Женщина, стоящая рядом с алтарем, не произнося ни слова, молча, с явным наслаждением, не обращая внимания на громкие, полные боли крики, медленно доставала щипцами из разреза на спине Саминэ окровавленное, тонкое ребро...
Это был не просто кошмар нашей немой воспитанницы. Это было полноценное воспоминание Эльсами Та?Лих о том, как ковали ее собственные парные саи.
И только лишь осознание этого заставило меня замереть на месте, не позволяя броситься на помощь девушке, которая уже начинала хрипнуть от крика. Какое бы оно ни было, но оно должно было полностью всплыть в памяти Саминэ как часть ее прошлой жизни. Пусть так, но она имела право знать о том, что было когда-то...

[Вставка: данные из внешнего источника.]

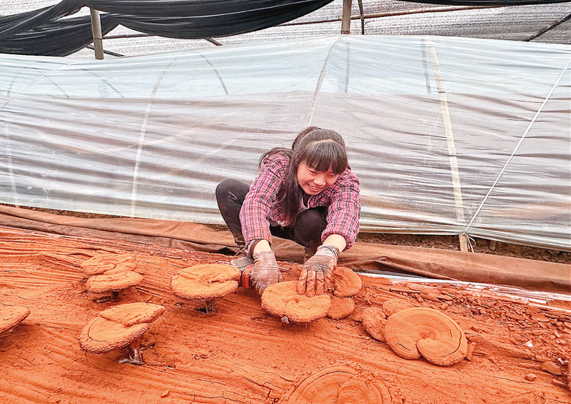 △食用菌產(chǎn)業(yè)園為周邊群眾提供務(wù)工崗位,讓群眾實現(xiàn)穩(wěn)定增收。圖為工人何芬正在剪靈芝。
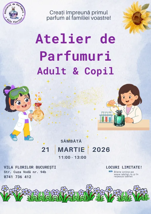 La acest atelier, tu și copilul tău veți lucra împreună pentru a crea un parfum. Veți mirosi diferite arome, le veți testa și le veți combina până când parfumul va începe să prindă contur.

Сжав кулаки так, что побелели костяшки пальцев, с трудом сдерживая рвущуюся наружу животную ярость, не давая свершиться обороту во вторую ипостась, титаническим усилием воли удерживая боевую ипостась эрхана, я заставил себя остаться на месте. Кровавая пелена застилала глаза, а в груди в слепой ярости бился хищник, когда раз за разом раздавались крики Саминэ в тот момент, когда жрица словно никуда не торопясь сделала второй надрез возле позвоночника, а потом, когда она острым тонким ножом отрезала второе ребро. Голос девушки сорвался в какой-то момент, оборвавшись на высокой ноте. Лишь крупные слезы продолжали стекать по ее щекам, а губы беззвучно шевелиться, зовя кого-то на помощь.
На тот момент Самина Та?Лих была еще жива, но по какой-то причине не смогла помочь своей дочери.
И, как бы не хотел это сделать я, я не мог пока вмешаться, хотя это было невыносимо...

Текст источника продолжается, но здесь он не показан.